Travelling down the night before I arrived early enough for the interview at the company's headquarters next to Exeter Airport.

The interview was more focused on myself than their procedures as had been in the previous with PTC. It was conducted by the manager of pilot recruitment as well as a current First Officer within the company.

It first started with one asking questions and the other taking notes and this was reversed half way through. The recruitment manager ran through my CV asking questions about me as a person, what I had done, what I thought of the company and most importantly what I knew about the company. When roles were reversed it was more focused on how the company operated (shortest route, type of aircraft operated etc.) as well as questions about basic aircraft control surfaces.

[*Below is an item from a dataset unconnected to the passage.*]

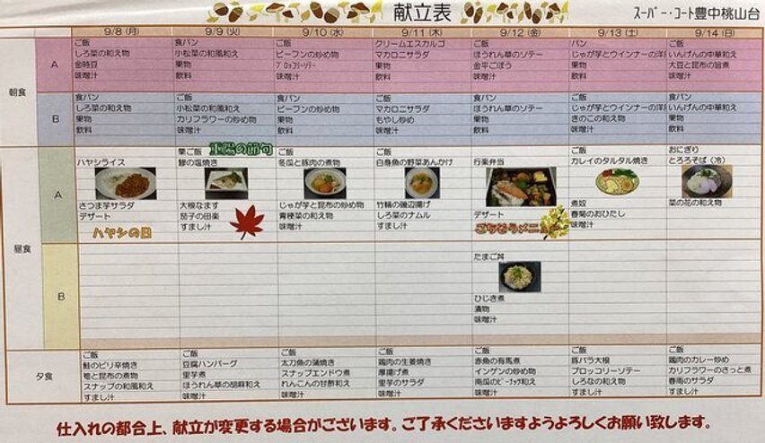 今回は「9/8~9/14までのメニュー紹介」です。

That was it really. The interview was finished and all seemed to go OK. The following Monday I found out via phone and subsequently email I had been offered a place on their cadet ship programme and I would be contacted by PTC in the near future with further information.

I hope the above gives you an idea about the who process I went through before signing the contract with Pilot Training College. 


  1. Great read, thanks. can you go through more detail about what came in the tests you were given? mainly Physics/Math sums. would be really useful because I have no idea how to prepare for that! thanks man, good luck!

  2. I've added the relevant information above.

  3. Thanks for the info, an interesting read. How many Flybe cadets are there on your course? Did you have to take the medical before the final Flybe interview? Many thanks!

  4. There are currently 4 of us out here on the Flybe scheme.

    No we didn't take them until post-Flybe interviews.

  5. Beautiful.
    I'm taking the assessment test soon, but I don't have anything to study say you were given papers by PTC (math and physcs) to study from? can you possibly post that here? would be a huge help. I know basic aviation stuff like how an airplane flies etc. but what about the rest? how do we prepare for that? I'm realllllllly nervous and I don't want to go there and embarrass myself knowing nothing. I just want to see examples of how the math questions were like maybe. and some of the other tests. sorry for being a pain.

  6. If you have sorted your assessment day out with PTC they will send you all of the information.

    Unfortunately I cannot distribute their work. Sorry.

  7. Great blog, even at 29, you may have inspired me to go follow my dream again! Just need to brush up on the old maths and physics! lol

  8. Haha that's the plan! Good luck!

  9. Doing the aptitude test soon, does this help?

    Doesn't look too easy tbh. thanks for the blog btw.